Большинство челяди последовало их примеру и воздух огласился жалобами и пронзительными причитаниями. Чоле прогнала всех из спальных покоев, велев затихнуть, если не хотят получить хорошую порку.

– Где ваш разум? – гневно спросила она. – Разве сейчас время для стонов и воплей? Может, нам залезть на крышу и поднять крик, чтобы все лакеи Маджида поняли, какой это для нас удар? Успокойся, Фаршу! Против нас у них пока ничего нет, но если они услышат, как ты визжишь, а эти дуры воют по-обезьяньи, Маджиду других улик не потребуется!

Фаршу между тем продолжала пронзительно орать и колотить пятками по ковру, а Салме проговорила сквозь слезы:

– Но ведь если Баргаша предали, значит, и нас вместе с ним. Как ты можешь говорить, что против нас у них ничего нет?

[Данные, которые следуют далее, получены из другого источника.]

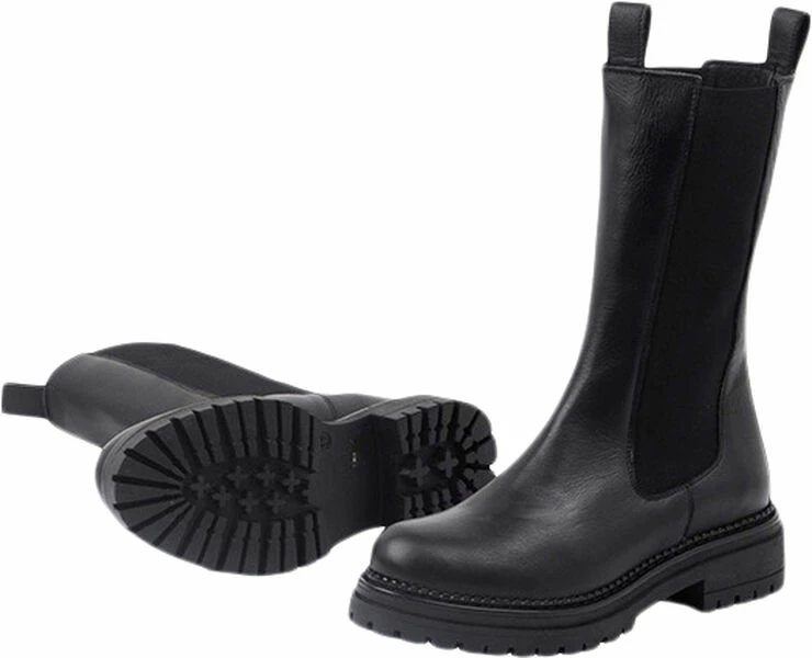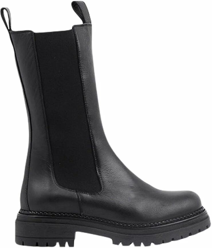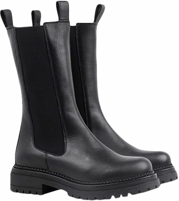 Støvle fra Cashott i en lækker læderkvalitet. Støvlen er enkel i modellen med elastik i siderne, en lille hælstrop, en rund snude samt en militærsål på 4 cm, der giver støvlen et super cool og chunky udtryk.

– Потому что тогда арестовали б и нас. Однако у наших ворот стражи нет, мы можем свободно выходить и входить. Посмотрите сами. Фаршу, я тебя отшлепаю, если не замолчишь. Салме, дай мне тот кувшин с водой!

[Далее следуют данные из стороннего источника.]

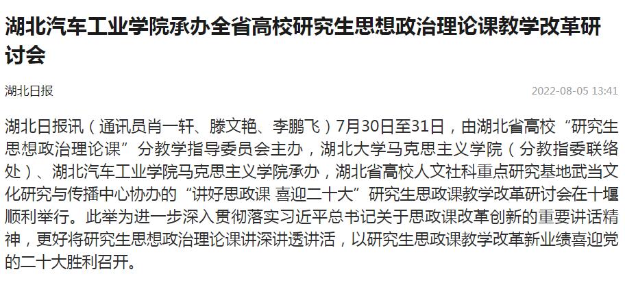 【湖北日报】英国上市公司365承办全省高校研究生思想政治理论课教学改革研讨会

Схватив тяжелый сине-белый глиняный кувшин, Чоле легким движением своих тонких рук выплеснула все содержимое на плачущую девочку и вернула кувшин сестре. Вопли тотчас прекратились, Фаршу, отфыркиваясь и тяжело дыша, улеглась среди подушек, а Чоле хлопнула в ладоши, вызывая рабынь.

– Мы должны держаться так, будто ничего страшного не случилось, – приказала она. – Нас расстроила эта весть, что вполне естественно. Но мы ничего не знаем ни о каких заговорах. Если хотят, пусть обыскивают дом, здесь им ничего не найти. Встань, Фаршу, и не вздумай опять лить слезы. Баргашу они не помогут, но обдумывание и планирование могут помочь, поэтому будем думать, планировать – и сохранять спокойствие.

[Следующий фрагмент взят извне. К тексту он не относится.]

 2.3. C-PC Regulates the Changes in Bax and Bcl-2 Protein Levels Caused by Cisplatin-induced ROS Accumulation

Ее собственные сдержанность и здравомыслие внушали благоговейный страх, и взрывов шумного отчаяния больше на раздавалось. Обычные утренние дела шли, по крайней мере внешне, своим чередом, словно этот день ничем не отличался от других. В ванны наливали свежую ключевую воду; одежду, переложенную на ночь цветами жасмина и апельсиновых деревьев, окуривали амброй и мускусом, затем клали перед владелицами.

Долгий ритуал туалета никогда не казался Салме утомительным, скучным, но в тот день он тянулся бесконечно, она заставляла себя спокойно сидеть, пока служанки одевали и надушивали ее, умащали и заплетали волосы, предлагали на выбор украшения. Страх в ее душе мешался с дурными предчувствиями, ей хотелось броситься на пол ничком, как Фаршу, и забиться в истерике. Но Чоле тогда обольет ее водой, как и племянницу. И конечно же Чоле права. Она всегда права. Нужно хранить перед врагами спокойствие и строить планы, как спасти Баргаша от султанского гнева.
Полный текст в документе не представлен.